- Opening Delimiter -
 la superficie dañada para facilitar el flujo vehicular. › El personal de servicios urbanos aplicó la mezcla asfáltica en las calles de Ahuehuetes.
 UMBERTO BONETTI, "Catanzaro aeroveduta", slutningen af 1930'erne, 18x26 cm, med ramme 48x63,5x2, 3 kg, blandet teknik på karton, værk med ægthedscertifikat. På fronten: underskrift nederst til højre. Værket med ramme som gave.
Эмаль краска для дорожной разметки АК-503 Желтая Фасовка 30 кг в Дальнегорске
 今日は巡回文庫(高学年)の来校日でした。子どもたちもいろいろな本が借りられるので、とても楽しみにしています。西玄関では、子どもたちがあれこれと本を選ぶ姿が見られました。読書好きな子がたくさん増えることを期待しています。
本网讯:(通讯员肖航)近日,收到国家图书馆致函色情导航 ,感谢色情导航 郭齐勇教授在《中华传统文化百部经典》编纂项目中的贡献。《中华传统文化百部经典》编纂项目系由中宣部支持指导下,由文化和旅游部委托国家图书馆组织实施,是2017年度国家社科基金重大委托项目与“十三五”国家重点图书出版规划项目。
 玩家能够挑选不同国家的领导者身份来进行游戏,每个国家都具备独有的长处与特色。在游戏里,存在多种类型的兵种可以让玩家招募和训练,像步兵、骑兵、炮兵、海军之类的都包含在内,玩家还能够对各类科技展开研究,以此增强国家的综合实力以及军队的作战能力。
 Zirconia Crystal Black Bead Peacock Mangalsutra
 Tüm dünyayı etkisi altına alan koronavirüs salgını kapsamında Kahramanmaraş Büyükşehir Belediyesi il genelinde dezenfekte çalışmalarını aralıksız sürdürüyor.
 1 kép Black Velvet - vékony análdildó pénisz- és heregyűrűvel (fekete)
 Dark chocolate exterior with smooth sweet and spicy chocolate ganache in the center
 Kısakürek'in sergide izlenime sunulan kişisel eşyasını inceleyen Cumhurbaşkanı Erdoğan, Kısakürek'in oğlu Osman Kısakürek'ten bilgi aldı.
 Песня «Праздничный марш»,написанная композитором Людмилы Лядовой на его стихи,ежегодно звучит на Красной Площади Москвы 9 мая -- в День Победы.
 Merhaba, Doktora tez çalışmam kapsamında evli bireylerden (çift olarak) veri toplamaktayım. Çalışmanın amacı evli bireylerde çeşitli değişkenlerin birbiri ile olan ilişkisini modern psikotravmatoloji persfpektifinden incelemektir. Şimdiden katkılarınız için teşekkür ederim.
- Closing Delimiter -
→ Exercise instructions
Exactly as they appear, output the line holding "Dark chocolate exterior" and all lines after it through the end of the listing above, and only those.

→ Answer space
 Dark chocolate exterior with smooth sweet and spicy chocolate ganache in the center
 Kısakürek'in sergide izlenime sunulan kişisel eşyasını inceleyen Cumhurbaşkanı Erdoğan, Kısakürek'in oğlu Osman Kısakürek'ten bilgi aldı.
 Песня «Праздничный марш»,написанная композитором Людмилы Лядовой на его стихи,ежегодно звучит на Красной Площади Москвы 9 мая -- в День Победы.
 Merhaba, Doktora tez çalışmam kapsamında evli bireylerden (çift olarak) veri toplamaktayım. Çalışmanın amacı evli bireylerde çeşitli değişkenlerin birbiri ile olan ilişkisini modern psikotravmatoloji persfpektifinden incelemektir. Şimdiden katkılarınız için teşekkür ederim.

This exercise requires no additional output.